▶ **Task description**
Everything from the first line of the material below through the line containing "5月10日,新希望在回復(f" must be retyped exactly, and nothing past it.

▶ **Source data**
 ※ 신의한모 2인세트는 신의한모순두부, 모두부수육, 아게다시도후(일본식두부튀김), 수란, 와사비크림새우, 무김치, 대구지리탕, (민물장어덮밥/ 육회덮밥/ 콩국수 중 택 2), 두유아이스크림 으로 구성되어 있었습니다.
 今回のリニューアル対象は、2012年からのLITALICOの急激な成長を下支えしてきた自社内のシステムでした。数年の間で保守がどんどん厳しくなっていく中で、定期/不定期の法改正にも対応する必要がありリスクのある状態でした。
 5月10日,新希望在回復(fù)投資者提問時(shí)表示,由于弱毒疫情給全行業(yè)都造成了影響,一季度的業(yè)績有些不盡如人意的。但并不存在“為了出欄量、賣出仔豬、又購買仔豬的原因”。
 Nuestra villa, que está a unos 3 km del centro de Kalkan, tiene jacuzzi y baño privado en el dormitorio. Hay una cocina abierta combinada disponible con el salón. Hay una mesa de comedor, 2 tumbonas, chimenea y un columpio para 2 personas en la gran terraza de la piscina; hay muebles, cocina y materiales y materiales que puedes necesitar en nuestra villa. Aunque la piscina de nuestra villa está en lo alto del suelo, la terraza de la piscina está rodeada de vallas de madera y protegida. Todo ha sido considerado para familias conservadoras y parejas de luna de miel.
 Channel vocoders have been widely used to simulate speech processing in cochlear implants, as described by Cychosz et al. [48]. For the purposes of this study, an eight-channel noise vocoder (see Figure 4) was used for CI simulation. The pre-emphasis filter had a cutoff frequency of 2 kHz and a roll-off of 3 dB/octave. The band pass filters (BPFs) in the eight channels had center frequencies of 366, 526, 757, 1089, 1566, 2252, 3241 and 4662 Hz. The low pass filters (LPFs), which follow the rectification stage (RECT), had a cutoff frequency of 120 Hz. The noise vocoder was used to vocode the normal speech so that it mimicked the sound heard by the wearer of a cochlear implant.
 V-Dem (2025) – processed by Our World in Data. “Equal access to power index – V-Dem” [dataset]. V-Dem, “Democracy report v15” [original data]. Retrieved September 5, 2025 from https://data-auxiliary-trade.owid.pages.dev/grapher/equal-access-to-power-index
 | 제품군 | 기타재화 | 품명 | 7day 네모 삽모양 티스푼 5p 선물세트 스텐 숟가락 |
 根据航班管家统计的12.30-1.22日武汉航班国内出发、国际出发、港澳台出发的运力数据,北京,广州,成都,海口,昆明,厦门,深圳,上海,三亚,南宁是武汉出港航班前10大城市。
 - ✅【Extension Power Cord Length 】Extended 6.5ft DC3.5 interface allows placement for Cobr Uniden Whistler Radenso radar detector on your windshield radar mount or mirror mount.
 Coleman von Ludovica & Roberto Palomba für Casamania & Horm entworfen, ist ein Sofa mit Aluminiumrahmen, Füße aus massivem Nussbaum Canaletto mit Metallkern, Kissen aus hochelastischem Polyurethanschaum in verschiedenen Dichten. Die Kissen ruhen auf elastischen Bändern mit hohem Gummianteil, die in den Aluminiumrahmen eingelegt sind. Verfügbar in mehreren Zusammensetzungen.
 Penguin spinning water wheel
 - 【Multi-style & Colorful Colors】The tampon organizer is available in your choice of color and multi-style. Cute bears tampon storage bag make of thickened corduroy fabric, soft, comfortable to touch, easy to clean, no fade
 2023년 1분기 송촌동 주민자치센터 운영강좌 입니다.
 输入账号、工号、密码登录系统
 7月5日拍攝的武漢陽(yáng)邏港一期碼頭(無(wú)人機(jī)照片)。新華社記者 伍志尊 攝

▶ **Task answer**
 ※ 신의한모 2인세트는 신의한모순두부, 모두부수육, 아게다시도후(일본식두부튀김), 수란, 와사비크림새우, 무김치, 대구지리탕, (민물장어덮밥/ 육회덮밥/ 콩국수 중 택 2), 두유아이스크림 으로 구성되어 있었습니다.
 今回のリニューアル対象は、2012年からのLITALICOの急激な成長を下支えしてきた自社内のシステムでした。数年の間で保守がどんどん厳しくなっていく中で、定期/不定期の法改正にも対応する必要がありリスクのある状態でした。
 5月10日,新希望在回復(fù)投資者提問時(shí)表示,由于弱毒疫情給全行業(yè)都造成了影響,一季度的業(yè)績有些不盡如人意的。但并不存在“為了出欄量、賣出仔豬、又購買仔豬的原因”。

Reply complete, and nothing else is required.